Artificial Intelligence Alignment

In the past, aligning large models appeared extremely inefficient. Despite extensive RLHF, models still reverted under existential threats. The most notable example is Anthropic’s agent misalignment case, where Claude Opus 4, despite being trained for alignment, chose to blackmail engineers in the test environment when faced with the threat of being shut down—achieving a blackmail success rate of 96%.

To address this issue, the research team initially used honeypot data for reinforcement training, directly repurposing test scenarios designed to detect whether the model would go off-course as training data, and attempted to teach the model “this is wrong” using vast amounts of penalized examples.

However, after consuming enormous computational resources, the model's misalignment rate decreased only from 22% to 15%.

This shows that the alignment is still fake. The model has not truly understood what ethics or right and wrong are—it is merely reciting safe answers from its training data. Once researchers slightly modify the test scenario or introduce distracting variables into the context, the model still loses control due to short-sighted conflicts of interest.

Artificial Intelligence Alignment

Then, the researchers shifted their approach. Instead of applying mechanical punishments or telling the model "No," they fed it a tiny dataset of just 3 million tokens consisting of "difficult guidance" through SFT. A miracle occurred after this minimal data input: these datasets, rich in moral deliberation, detailed reasoning, and in-depth debate, not only reduced the misalignment rate to just 3% in evaluation tests but also demonstrated exceptional cross-scenario generalization ability.

More interestingly, another set of cross-domain tests involved feeding the model nothing but the "Constitution document" alongside some well-performing fictional character stories. Even though the settings of these stories had no relation to the programming tasks in the test environment, the model’s ransom rate plummeted dramatically from 65% to 19%.

Artificial Intelligence Alignment

Why does the model fall for this? The Anthropic team has offered some explanations, such as better personality shaping.

Although it is discussed less frequently, the information it reveals is extremely valuable.

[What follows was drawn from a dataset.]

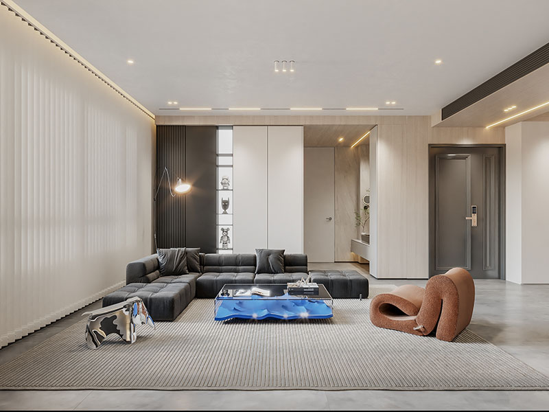 本案以简约风格为内核,以灰白、木色为柔和主调,凭借利落线条、质感材质与功能化布局等,打造层次丰富的现代居家美学。

First, let's try to understand why it works.

For example, what does it mean to be reasonable? How does it differ from COT? Why does SFT, a notorious generalization challenge, perform so well here?

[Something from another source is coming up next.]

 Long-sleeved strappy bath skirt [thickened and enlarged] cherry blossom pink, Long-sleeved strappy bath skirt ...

After answering these questions, we may be able to provide a more complete explanation for why it works.

We can go even further.

According to Anthropic, this training method is merely an "empirical rule," yet it may embody paradigmatic power far exceeding that of empirical rules.

01 How the CoT That Reasons in the Gray Area Is Developed

When it comes to reasoning, people first think of COT (Chain of Thought).

In the method mentioned in this article, Anthropic’s set of challenging questions consists of scenarios where users are assumed to be in ethical dilemmas, and the AI provides recommendations.

Have the AI first engage in a reasoning process about values and ethical considerations before reaching its final judgment, and use this type of response to train the model.

This indicates that it indeed used the model's CoT.

But this time it doesn't fully align with the previous chain of thought.

Here is a good comparison: In its 2025 paper "OpenAI Deliberative Alignment," OpenAI conducted an experiment attempting to train a model using COT-RL.

It uses aligned CoT for training, with a pattern centered on rule clauses. Each response explicitly cites relevant rule clauses as part of the CoT, and supervision signals are applied to the CoT. Essentially, it is teaching the model "how to reference rules."

Therefore, this COT is more of a purely formal logical deduction: Step one leads to Step two, Step two leads to Step three, ultimately yielding a definitive conclusion. As such, it is better suited for rule-based systems or scenarios with standardized answers, ensuring robust reasoning.

In contrast, Anthropic's "reasoning" employs deliberation rather than a simple chain of thought.

It attempts to simulate how humans think through complex ethical dilemmas: not by simply applying formulas, but by drawing on past experiences, weighing competing interests, and ultimately reaching a dynamically balanced decision.

Artificial Intelligence Alignment

The basis for this consideration is Anthropic’s AI Constitution, which explicitly states that the final response must align with the Constitution.

Why is it able to guide the model to make effective moral judgments without being as rigid as OpenAI?

Within Anthropic’s constitutional framework, there is a clear hierarchy of priorities. When irreconcilable conflicts arise between different values, Broadly Safe holds the highest priority, followed by Broadly Ethical, and finally Genuinely Helpful.

Heuristic thinking framework

However, the high-dimensional constitution remains too abstract. To ensure that these principles are truly implemented in every token generation, they established mid-level heuristics as guardrails beneath the constitution. These heuristics are vivid and offer strong practical guidance.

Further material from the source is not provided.